BRAND COLLECTION

Ralph Lauren projects drab yearly sales and appoints Justin Picicci as CFO.

Published: May 24, 2024
Author: Fashion Value Chain

Ralph Lauren, which is struggling with weak demand in the US, exceeded quarterly earnings but predicted yearly revenue growth below market estimates on Thursday.

Additionally, the business announced the appointment of insider Justin Picicci as chief financial officer. Jane Nielsen will remain as head of Ralph’s operations. As the business predicted excellent profits for the year, the garment maker’s shares reversed course and rose 2% in early trade. Prior to the bell, the stock had a 3% decline.

Because of improved full price sales and reduced cotton costs, Ralph Lauren anticipates an increase in its yearly gross margin of up to 100 basis points. This will help offset pressures from labor and freight expenses associated with interruptions in the Red Sea.

“Redditor Ralph Lauren has a track record of providing conservative advice. More significant than sales increase is the rise in margins, according to Morningstar Research senior analyst David Swartz.

As a result, over two-thirds of Ralph Lauren’s entire income now comes from its direct-to-consumer channel. Due to strong demand in Europe and Asia and a reduction in discounts as a result of lower inventory, its fourth-quarter revenue of $1.57 billion exceeded LSEG projections of $1.56 billion.

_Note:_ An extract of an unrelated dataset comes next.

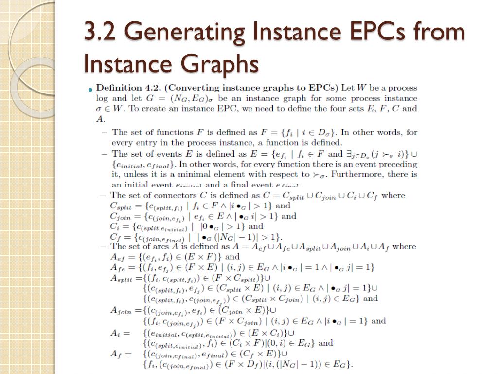 3.1 Instance Event-driven Process Chains (Instance EPCs) • Note: • An instance EPC doesn’t contain any connectors other than AND-split and AND-joins connectors • There is exactly one initial event and one final event
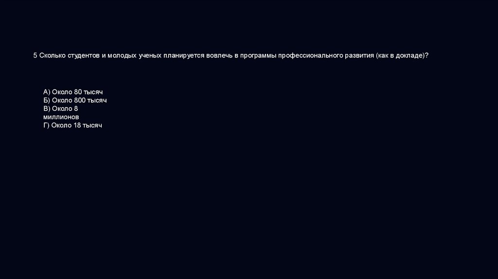 5 Сколько студентов и молодых ученых планируется вовлечь в программы профессионального развития (как в докладе)?А) Около 80 тысяч

Ralph Lauren announced higher-than-expected earnings per share of $1.71 after excluding items.

The business also stated that Picicci, the new CFO, was most recently the Enterprise CFO for Ralph Lauren. He replaces Nielsen, who began working for the firm in 2016 as CFO and added the position of COO in 2019. Wedbush analyst Tom Nikic stated, “We do note that Nielsen is a tough act to follow, even though promoting internally will likely aid the transition.”

Ralph Lauren said on a post-earnings call that its business in the important luxury sector had more than quadrupled compared to pre-pandemic levels. Sales in China increased by more than 25%. As retailers reduce orders owing to erratic demand, the business has also been trying to draw more clients to its shops and to digital sales rather than wholesale channels.